_Task details:_ In the listing below, find the line containing "The family-friendly restaurant" and the line containing "为研究生教育提供多元化的实践". Repeat exactly those two lines and every line between them, nothing more.

_Recorded information:_
:::::

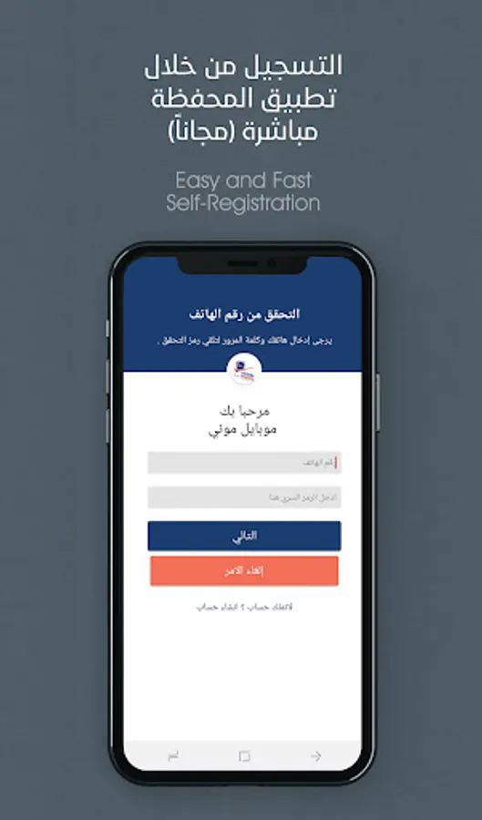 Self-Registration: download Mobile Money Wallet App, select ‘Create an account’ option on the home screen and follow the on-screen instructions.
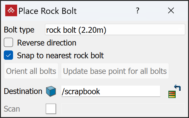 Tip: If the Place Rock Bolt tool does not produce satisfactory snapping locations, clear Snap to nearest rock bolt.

:::::

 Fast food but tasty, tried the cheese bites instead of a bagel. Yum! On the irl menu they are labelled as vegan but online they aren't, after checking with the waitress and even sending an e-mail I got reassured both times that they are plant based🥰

:::::

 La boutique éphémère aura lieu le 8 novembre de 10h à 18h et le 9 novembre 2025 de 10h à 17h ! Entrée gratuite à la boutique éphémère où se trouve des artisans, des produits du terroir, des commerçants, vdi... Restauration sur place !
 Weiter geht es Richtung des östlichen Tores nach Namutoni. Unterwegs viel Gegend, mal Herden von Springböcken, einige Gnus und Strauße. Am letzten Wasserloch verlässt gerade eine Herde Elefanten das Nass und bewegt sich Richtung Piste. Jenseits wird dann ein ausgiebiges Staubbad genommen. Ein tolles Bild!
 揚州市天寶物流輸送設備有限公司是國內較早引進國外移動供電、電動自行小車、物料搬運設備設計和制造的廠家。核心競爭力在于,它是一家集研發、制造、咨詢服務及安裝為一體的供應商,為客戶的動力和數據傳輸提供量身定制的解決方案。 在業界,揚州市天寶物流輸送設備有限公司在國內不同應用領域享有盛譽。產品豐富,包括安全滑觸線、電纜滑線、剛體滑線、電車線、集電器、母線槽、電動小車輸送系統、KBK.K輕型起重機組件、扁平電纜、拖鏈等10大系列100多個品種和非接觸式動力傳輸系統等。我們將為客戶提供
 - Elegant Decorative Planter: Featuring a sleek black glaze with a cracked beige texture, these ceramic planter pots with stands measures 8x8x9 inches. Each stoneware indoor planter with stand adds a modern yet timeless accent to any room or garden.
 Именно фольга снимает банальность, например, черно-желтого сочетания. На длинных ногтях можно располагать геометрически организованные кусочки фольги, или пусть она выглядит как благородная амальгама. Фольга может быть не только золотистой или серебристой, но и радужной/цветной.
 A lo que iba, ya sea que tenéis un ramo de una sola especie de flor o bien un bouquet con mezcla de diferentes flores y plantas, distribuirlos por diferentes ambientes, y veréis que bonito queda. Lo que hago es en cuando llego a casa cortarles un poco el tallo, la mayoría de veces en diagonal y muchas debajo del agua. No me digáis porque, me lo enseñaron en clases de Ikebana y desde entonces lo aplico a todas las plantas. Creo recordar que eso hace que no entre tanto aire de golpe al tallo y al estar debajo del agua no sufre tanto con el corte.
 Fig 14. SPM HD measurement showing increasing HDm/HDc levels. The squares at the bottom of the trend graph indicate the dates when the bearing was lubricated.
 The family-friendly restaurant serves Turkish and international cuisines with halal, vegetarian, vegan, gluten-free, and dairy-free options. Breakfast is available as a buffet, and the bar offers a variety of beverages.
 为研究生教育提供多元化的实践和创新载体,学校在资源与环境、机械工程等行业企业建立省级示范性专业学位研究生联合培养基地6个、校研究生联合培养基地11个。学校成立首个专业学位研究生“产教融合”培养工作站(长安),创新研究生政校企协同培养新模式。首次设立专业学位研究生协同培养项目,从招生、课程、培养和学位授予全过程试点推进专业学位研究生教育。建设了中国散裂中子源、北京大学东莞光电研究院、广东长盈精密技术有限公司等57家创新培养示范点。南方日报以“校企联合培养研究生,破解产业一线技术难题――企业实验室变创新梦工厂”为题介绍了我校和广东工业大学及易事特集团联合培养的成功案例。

:::::

_Problem solution:_
 The family-friendly restaurant serves Turkish and international cuisines with halal, vegetarian, vegan, gluten-free, and dairy-free options. Breakfast is available as a buffet, and the bar offers a variety of beverages.
 为研究生教育提供多元化的实践和创新载体,学校在资源与环境、机械工程等行业企业建立省级示范性专业学位研究生联合培养基地6个、校研究生联合培养基地11个。学校成立首个专业学位研究生“产教融合”培养工作站(长安),创新研究生政校企协同培养新模式。首次设立专业学位研究生协同培养项目,从招生、课程、培养和学位授予全过程试点推进专业学位研究生教育。建设了中国散裂中子源、北京大学东莞光电研究院、广东长盈精密技术有限公司等57家创新培养示范点。南方日报以“校企联合培养研究生,破解产业一线技术难题――企业实验室变创新梦工厂”为题介绍了我校和广东工业大学及易事特集团联合培养的成功案例。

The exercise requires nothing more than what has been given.